The Azure Data Science VMs are good for dev and testing and even though you could use a virtual machine scale set, that is a heavy and costly solution.

When thinking about scaling, one good solution is to containerize the Anaconda / Python virtual environments and deploy them to Azure Kubernetes Service or better yet, Azure Container Apps, the new abstraction layer for Kubernetes that Azure provides.

Here is a quick way to create a container with Miniconda 3, Pandas and Jupyter Notebooks to interface with the environment. Here I also show how to deploy this single test container it to Azure Container Apps.

The result:

A Jupyter Notebook with Pandas Running on Azure Container Apps.

Container Build

If you know the libraries you need then it would make sense to start with the lightest base image which is Miniconda3, you can also deploy the Anaconda3 container but that one might have libraries you might never use that might create unnecessary vulnerabilities top remediate.

Miniconda 3: https://hub.docker.com/r/continuumio/miniconda3

Anaconda 3: https://hub.docker.com/r/continuumio/anaconda3

Below is a simple dockerfile to build a container with pandas, openAi and tensorflow libraries.

FROM continuumio/miniconda3
RUN conda install jupyter -y --quiet && \ mkdir -p /opt/notebooks
WORKDIR /opt/notebooks
RUN pip install pandas
RUN pip install openAI
RUN pip install tensorflow
CMD ["jupyter", "notebook", "--ip='*'", "--port=8888", "--no-browser", "--allow-root"]

Build and Push the Container

Now that you have the container built push it to your registry and deploy it on Azure Container Apps. I use Azure DevOps to get the job done.

Here’s the pipeline task:

- task: Docker@2
inputs:
containerRegistry: 'dockerRepo'
repository: 'm05tr0/jupycondaoai'
command: 'buildAndPush'
Dockerfile: 'dockerfile'
tags: |
$(Build.BuildId)
latest

Deploy to Azure ContainerApps

Deploying to Azure Container Apps was painless, after understanding the Azure DevOps task, since I can include my ingress configuration in the same step as the container. The only requirement I had to do was configure DNS in my environment. The DevOps task is well documented as well but here’s a link to their official docs.

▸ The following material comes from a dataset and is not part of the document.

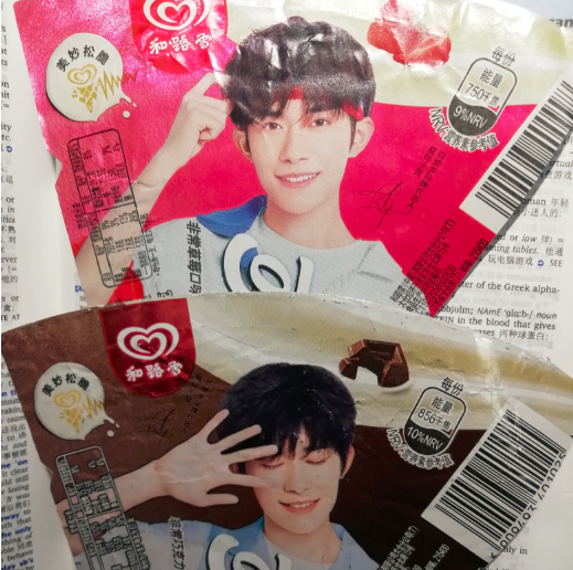 我是易烊千玺的粉丝,正在备战高考,开学后就封闭在学校两个月直到高考,易烊千玺是我奋斗的动力。那时候,唯一能接触到新鲜的千玺只有小卖部的可爱多的包装,我特别珍惜。我独一无二的高三回忆,不只有想哭和苦涩,也挺甜的!我把包装留下来了。

Architecture / DNS: https://learn.microsoft.com/en-us/azure/container-apps/networking?tabs=azure-cli

Azure Container Apps Deploy Task : https://github.com/microsoft/azure-pipelines-tasks/blob/master/Tasks/AzureContainerAppsV1/README.md

A few things I’d like to point out is that you don’t have to provide a username and password for the container registry the task gets a token from az login. The resource group has to be the one where the Azure Container Apps environment lives, if not a new one will be created. The target port is where the container listens on, see the container build and the jupyter notebooks are pointing to port 8888. If you are using the Container Apps Environment with a private VNET, setting the ingress to external means that the VNET can get to it not outside traffic from the internet. Lastly I disable telemetry to stop reporting.


task: AzureContainerApps@1
inputs:
azureSubscription: 'IngDevOps(XXXXXXXXXXXXXXXXXXXX)'
acrName: 'idocr'
dockerfilePath: 'dockerfile'
imageToBuild: 'idocr.azurecr.io/m05tr0/jupycondaoai'
imageToDeploy: 'idocr.azurecr.io/m05tr0/jupycondaoai'
containerAppName: 'datasci'
resourceGroup: 'IDO-DataScience-Containers'
containerAppEnvironment: 'idoazconapps'
targetPort: '8888'
location: 'East US'
ingress: 'external'
disableTelemetry: true

After deployment I had to get the token which was easy with the Log Stream feature under Monitoring. For a deployment of multiple Jupyter Notebooks it makes sense to use JupyterHub.